8.4.2.6. Fuel−sulfur and fuel−nitrogen interactions
The reactions of fuel−sulfur and fuel−nitrogen are closely coupled to the fuel oxidation; moreover, sulfur-containing radicals and nitrogen-containing radicals compete for the available H, O, OH radicals with the hydrocarbons [24]. Because of this close coupling of the sulfur and nitrogen chemistry and the H, O, OH radical pool in flames, interactions between fuel−sulfur and fuel−nitrogen chemistry are to be expected.
The catalytic reduction of the radicals, particularly the O atom, by sulfur compounds will generally reduce the rates of reactions converting atmospheric nitrogen to NO by the thermal mechanism. However, experiments do not permit explicit conclusions [24]. For example, Wendt and Ekmann [50] showed that high concentrations of SO2 and H2S have an inhibiting effect on thermal NO in premixed methene−air flames, while deSoete [51] showed the opposite effect. To resolve this conflict, Wendt et al. [52] studied the influence of fuel−sulfur on fuel−NO in rich flames, whereupon they found both enhancement and inhibition.

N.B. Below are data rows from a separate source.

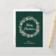 This fun and festive watercolor Christmas postcard can be personalised with a name or title. It features a watercolor Christmas wreath with red holly and berries on a dark green background. The text combines handwritten script and modern serif fonts for an elegant and sophisticated look.
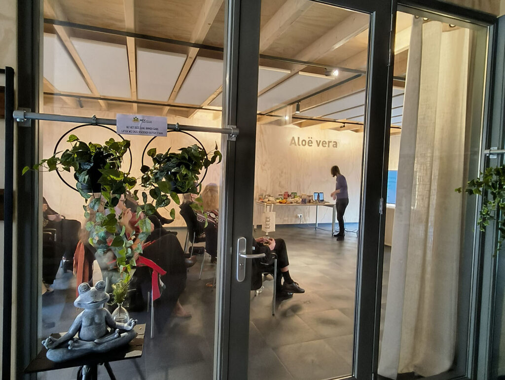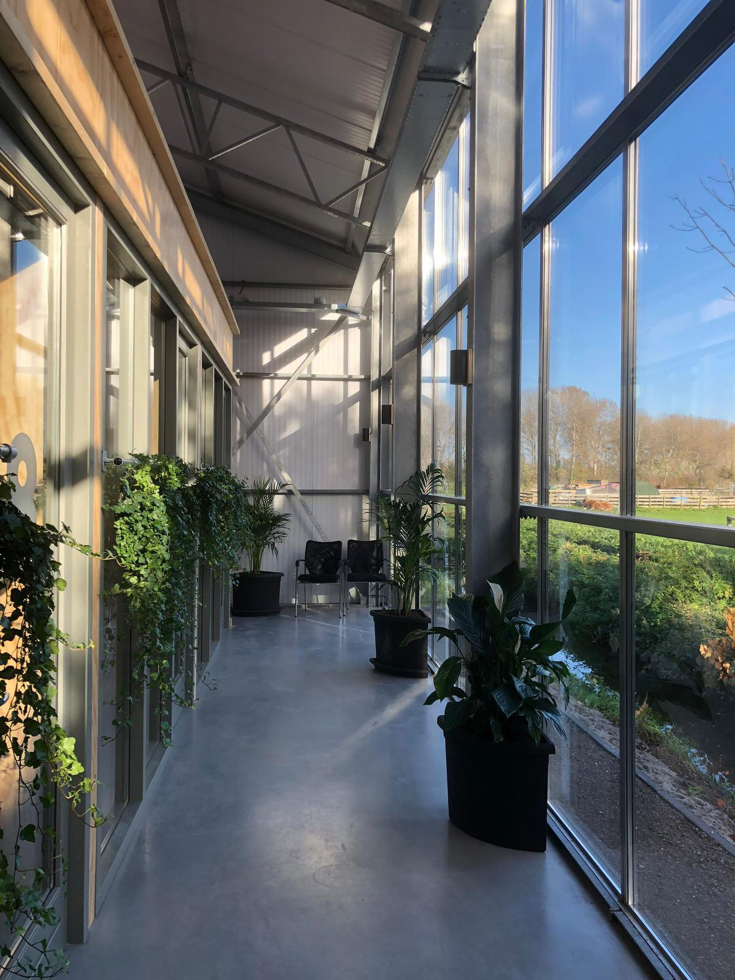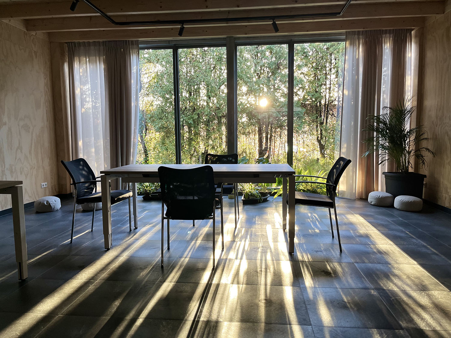 De beleving begint al bij de entree van onze vergaderlocatie. Je voelt je als in een aangename, inspirerende, hippe kweekkas, waar ideeën ontspruiten, plannen ontwikkelen en groeien als kool. Acties komen moeiteloos tot prachtige bloei in de duurzame kasachtige omgeving.
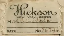 A 1911 "walking suit" by Hickson is in the collection of the Metropolitan Museum of Art,[20][21] along with a c.1913 evening dress,[22] a 1916 evening cape[23] and a c.1918 wool suit.[24]
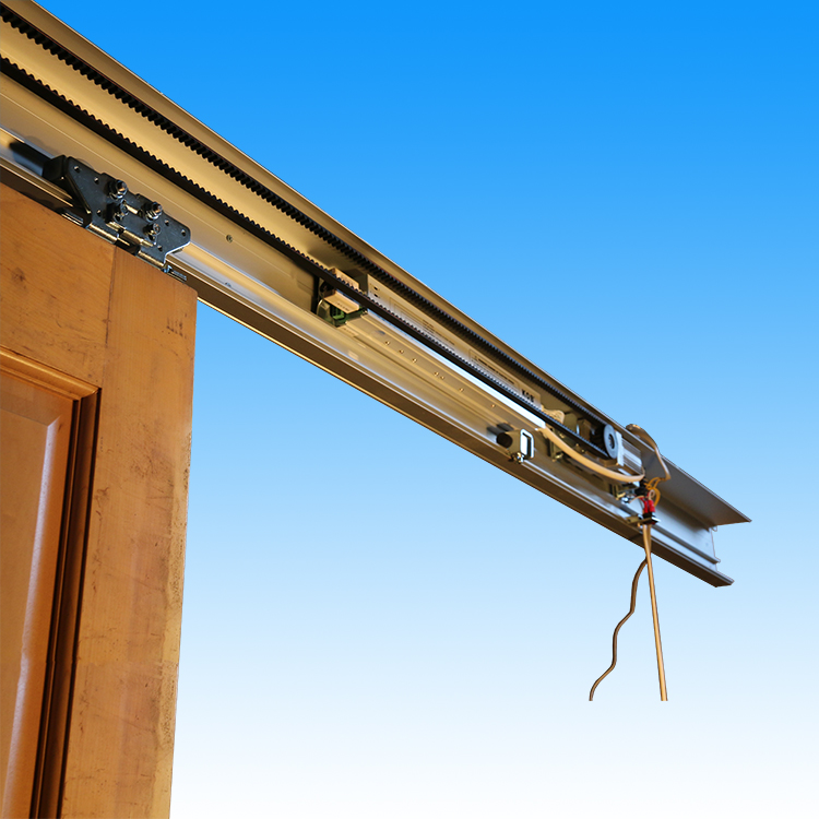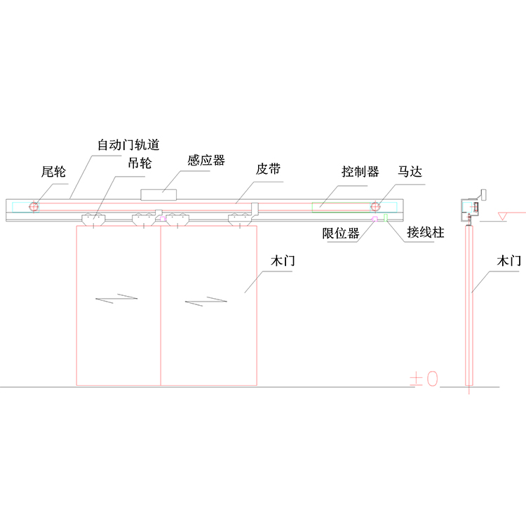 双开门红外电动推拉门轨包括同步电机、减速器、红外自动控制装置及上导轨传送带及机械传动装置,具有承载能力强、噪音低、运行平稳等优点。
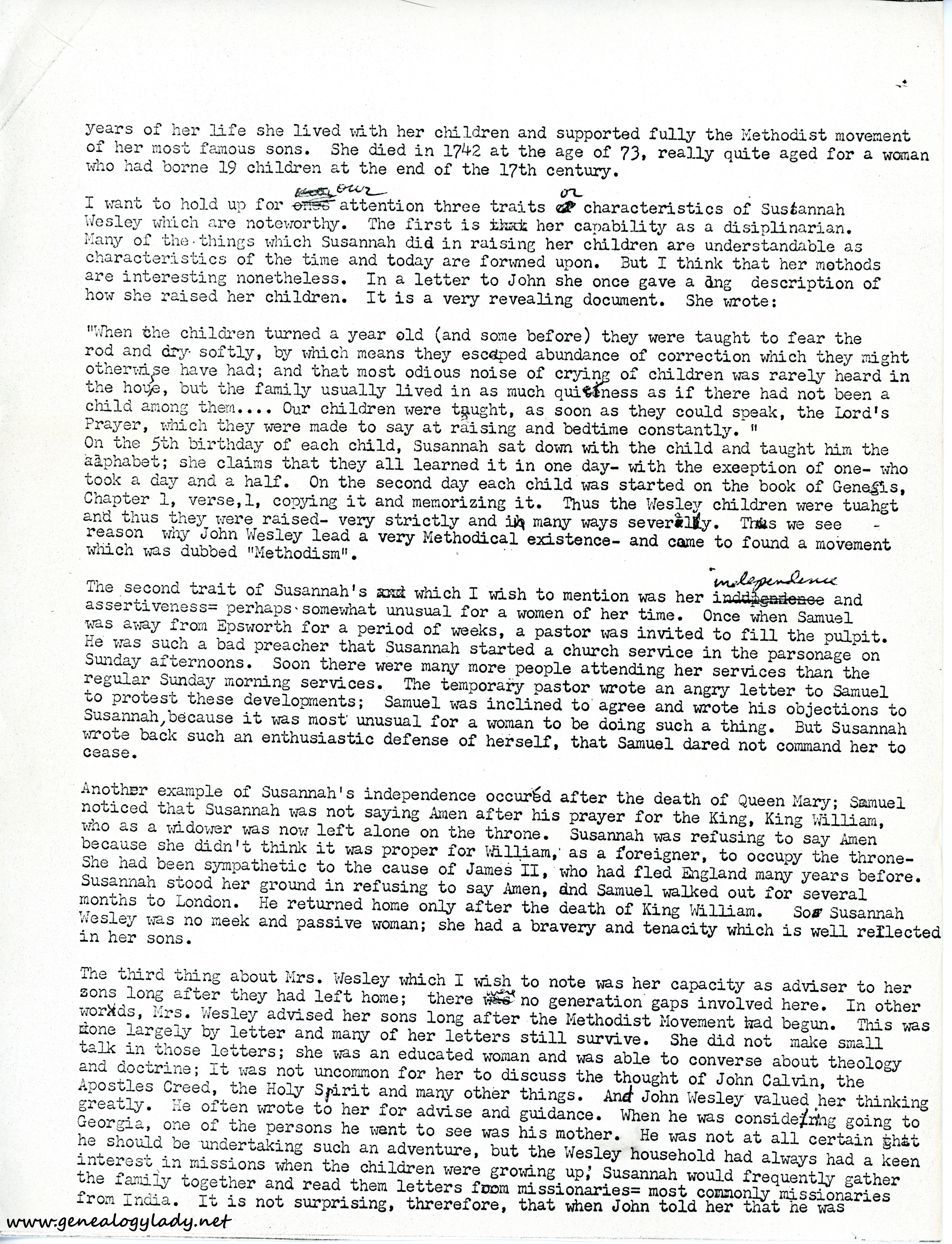[page 3] considering going to Georgia, Susannah (who was recently widowed, and might have asked her sons to stay near here) enthusiastically endorsed the idea. She exclaimed: “Had I twenty sons, I should rejoice if they were all so employed.” Her attitude might have been a significant factor in Wesley’s decision, because he did go to Georgia. So, for many years Susannah was a trusted and respected advisor to her famous son.
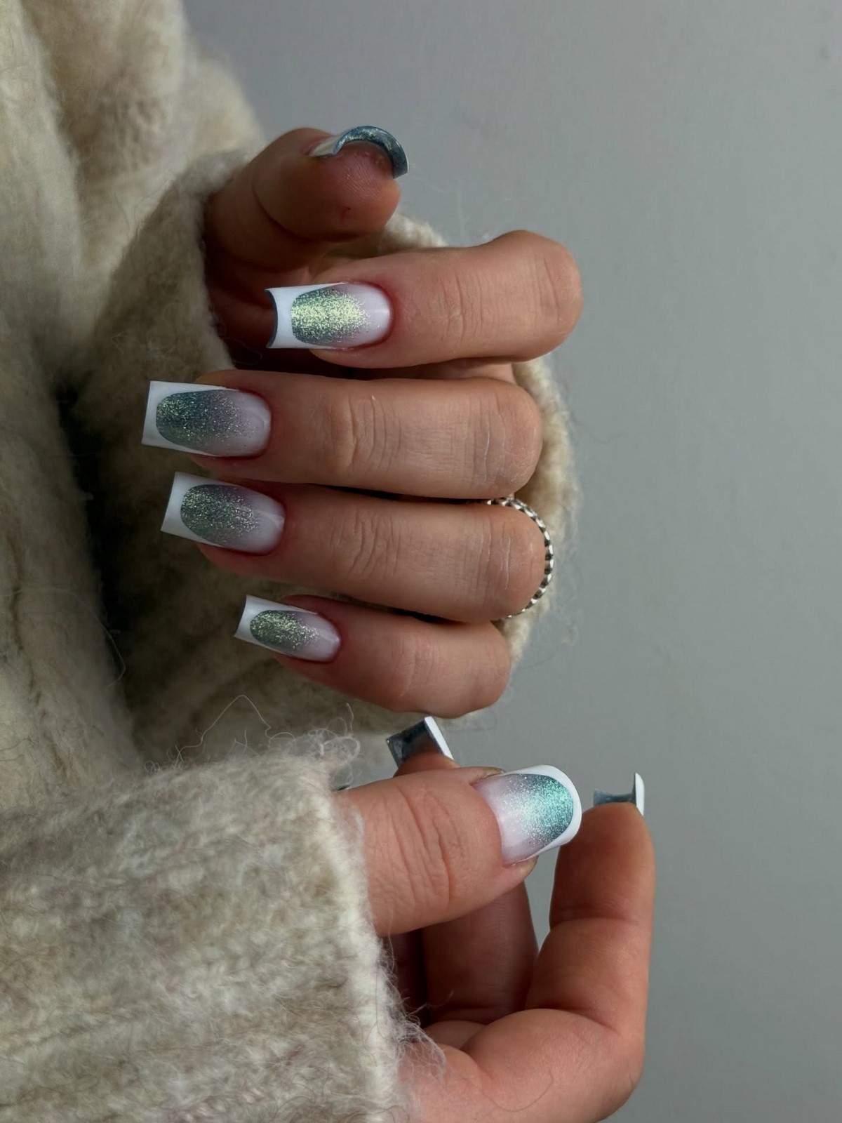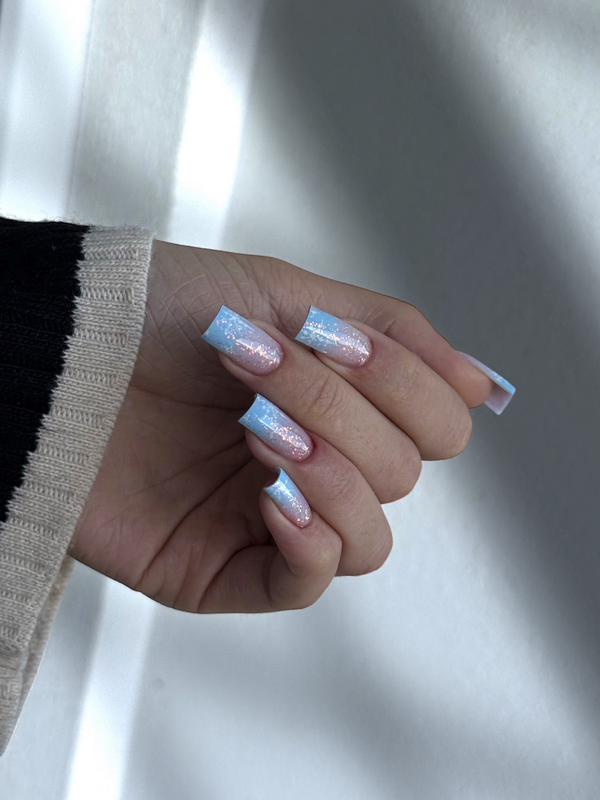 Зимний градиент 2026 становится более утонченным. Вместо ярких переходов — мягкое перетекание молочного оттенка в холодный голубой на кончиках ногтей, дополненное деликатными блестками. Такой дизайн напоминает морозный иней и идеально вписывается в зимнюю эстетику.

A further interaction comes into play when the thermal DeNOx process is used to reduce NOx. When stack gases cool and initial sulfur is present in the fuel, the SO3 that forms reacts with water to form a mist of sulfuric acid, which is detrimental to the physical plant. Furthermore, the ammonia from the thermal DeNOx process reacts with water to form NH4HSO2, a glue-like, highly corrosive compound. These SO3 conditions can be avoided by reducing the SO3 back to SO2. Under stack (post-combustion) temperatures, the principal elementary reactions for SO3 to SO2 conversion are
HO2+SO3→HSO3+O2
HSO3+M→SO2+OH+M
Since the key to this sequence is the HO2 radical, the aqueous hydrogen peroxide process discussed for NO to NO2 conversion in the stack would be an appropriate approach. The SO2 forms no corrosive liquid mist in the stack and could be removed by wet scrubbing of the exhaust.